That night, people from different neighbourhoods marched to the National Congress, staging the first cacerolazo against the government just 10 days after Milei took office. The cacerolazos and neighbourhood assemblies were repeated in the following days and spread to different cities. These expressions of popular discontent, together with the government’s refusal to negotiate the content of the “labour reform”, prompted the CGT to call a mobilisation to the Argentina’s highest court. Thus, on 27 December, the Confederation, backed by a massive and multisectoral demonstration, filed an appeal for protection (recurso de amparo) against Milei’s DNU.
The filing of appeals for legal protection by different social organisations affected by the DNU has multiplied, with mixed results. Particularly, those referring to the “Labor Reform” were legally accepted and its application has been suspended. Thus, the cacerolazos, neighbourhood assemblies, multi-sectoral calls, and generalised discontent paved the way for the call for a general strike and mobilisation on 24 January by the CGT.
“El 24E ya es de todos” (The 24 January belongs to everyone)
The 24E had new features compared to the previous general strikes. These novelties reflect the political and economic conjuncture, as well as the changes in the composition of the forces in struggle. The most striking feature is the call for a general strike only 45 days after the new government took office. In fact, the last general strike called by the CGT was in 2019, despite the adverse conditions suffered by the working class during and after the pandemic. The leadership of the CGT, which is characterised by its preference for social dialogue with the government and employers, is thus showing a change of strategy in the context of a strong offensive by capital and in the face of a government that is unwilling to negotiate.
The role of the CGT as coordinator of mass and multisectoral mobilisations is another peculiarity of the 24E. This role had already been played in the mobilisation in front of the courts on 27 December, when the other trade union confederations and numerous social and political organisations joined the action. All these mobilised sectors found a common point to support the strike on 24 January. “24E already belongs to everyone,” declared the CGT in its networks and media publications.
In addition to the classic bloc of working class trade unionism, organisations of the popular economy, cultural associations, tenants, neighbourhood assemblies, and feminists, among others, joined the strike, which became a multisectoral protest to express the rejection of the DNU and the “Omnibus Law”. This diversity reflects the heterogeneity within the working class and the partial nature of the representation of the CGT, because of the significant weight of informal labour, which reaches almost 50% of the employed workers - including unregistered salaried workers, self-employed workers, and cooperative workers of the popular economy. These are structural changes in the working class, rooted in the capitalist restructuring that took place during the 1990s, which also modified the forms of organisation and the dynamics of collective action. On one side, CGT represents formal workers in the private sector, and CTA-A and CTA-T represent workers in the public sector, with permanent or precarious contracts. Trade union density in Argentina is relatively high by international standards, at 37% in the private sector and 46% in the public sector. On the other side, social movements and popular economy organisations represent informal and unemployed sectors of the working class, who depend for their subsistence on social assistance.

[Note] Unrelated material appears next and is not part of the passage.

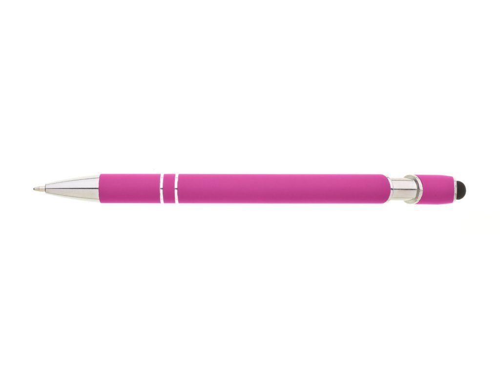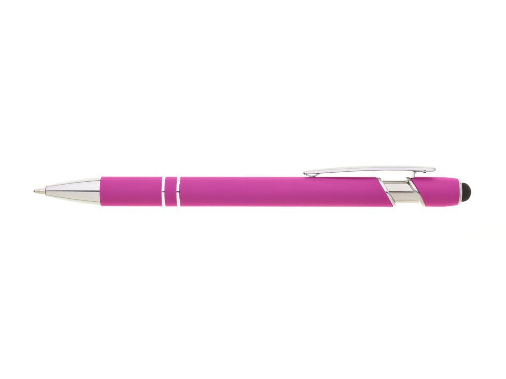 Propiska s touch koncem, měkkým pogumovaným soft povrchem ve růžové barvě a stříbrnými doplňky včetně dvou ozdobných kroužků. (NATIO)Doplňkové parametry

For this reason, the inclusion of social movements and workers in the popular economy significantly increased the representativeness of the protest. Also, the recognition of the “cultural sectors” and other social organisations was a response to the comprehensive nature of the ultra liberal offensive, which affects not only labour relations but also social reproduction (public services, health, education, etc.).
Third, despite the repressive attempts of the government to intimidate and criminalise the protest, it is important to highlight the participation of a significant number of self-organised people or new organisations such as the neighbourhood assemblies, bringing back the organising experiences of the 2001 crisis.
Challenges and prospects: what after 24E?
The popular assessment of the strike and the mobilisation is generally positive. In terms of immediate effects, the postponement of the legislative debate on the bill and the elimination by the government of some of the contents demanded by a section of the opposition willing to guarantee national stability stand out. At the same time, the labour reform contained in the DNU was declared unconstitutional by the labour courts.
The struggle could go either way. Its development will depend on the strength and coordination that the working class and popular sectors can achieve, given the necessity of multisectoral and massive campaigns to confront the government’s plans. In this respect, 24E leaves several questions open: To what extent are the CGT leaders willing to assume an articulating role in social protest? How far will the mobilised and self-organised sectors be able to maintain pressure on the trade union centres to continue mobilisation? More importantly, what are the prospects for a radicalisation of the resistance to the attempt at ultra-liberal refoundation? To what extent do the current conditions open up a space for the growth and accumulation of militant and left currents with a presence in the trade union movement and in the mobilised sectors?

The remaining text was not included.